If these requirements are met but the problem still persists, then you can start the actual troubleshooting phase. If you prefer a graphical depiction, you can find it online (Troubleshooting Kubernetes PodSecurityPolicies ).
- After all resources have been applied to the cluster and running pods have been deleted (if necessary) it makes sense to first check whether the actual pods were created and launched in the first place:
“kubectl get pods”
- As mentioned, pods are mostly managed using a controller. Examples of controllers are Deployment, StatefulSet, or CronJob. If you don't see the pods you want, then you should continue troubleshooting the controller. If you were not able to create the pods, then you will see a warning message in the controller events, which can be queried as follows:
“kubectl describe <controller>”
- In the case of deployments, please note that the pods are managed using ReplicaSets. Therefore, the error message is also displayed in the ReplicaSet and not in the deployment itself. The cause of an error at this point can be that the pod's service account is not authorized for any PSP or that the pod’s security settings do not correspond to any of the authorized PSPs. Example: In the security context, capabilities were explicitly requested that are not permitted by any PSP.

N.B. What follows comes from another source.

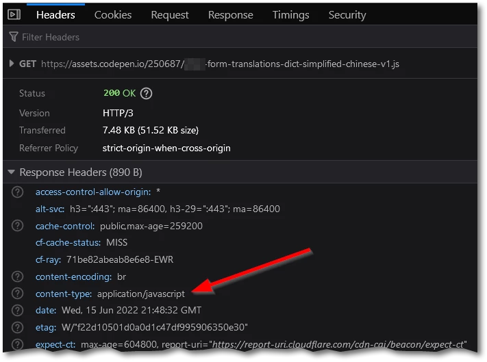 You see, they were just opening https://assets.example.com/translations/simplified-chinese.js directly in Chrome, which looks like this:
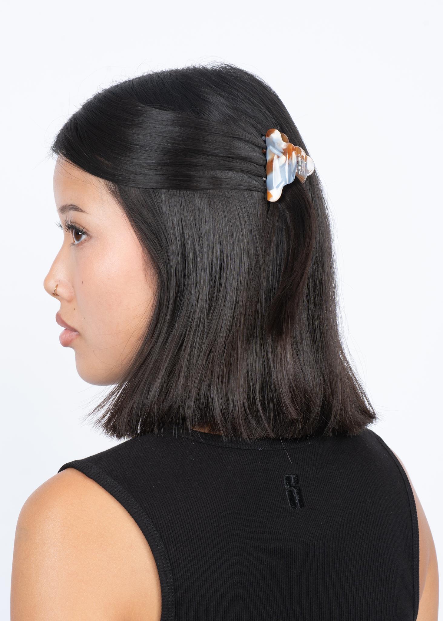 Lene Icy Mini i Salted Caramel er en elegant lille hårklemme i blank brun acetat med bløde kurver og stærk fjeder 🤎✨

- If the pods are created but do not start, this is probably due to the fact that the pods cannot be executed with the security settings specified by the PSP. First of all, it should be clarified which PSP is actually used on the pod:
“kubectl get pod <pod> -o jsonpath='{.metadata.annotations.kubernetes\.io/psp}'”
. If the desired PSP has not been used, it helps to check whether the pod is authorized for the PSP. Thus, the following procedure is conceivable: - Was the right service account assigned? If not, then please correct.
“kubectl get pod <pod> -o jsonpath='{.spec.serviceAccountName}'”
- Otherwise: Is the service account authorized for the desired PSP?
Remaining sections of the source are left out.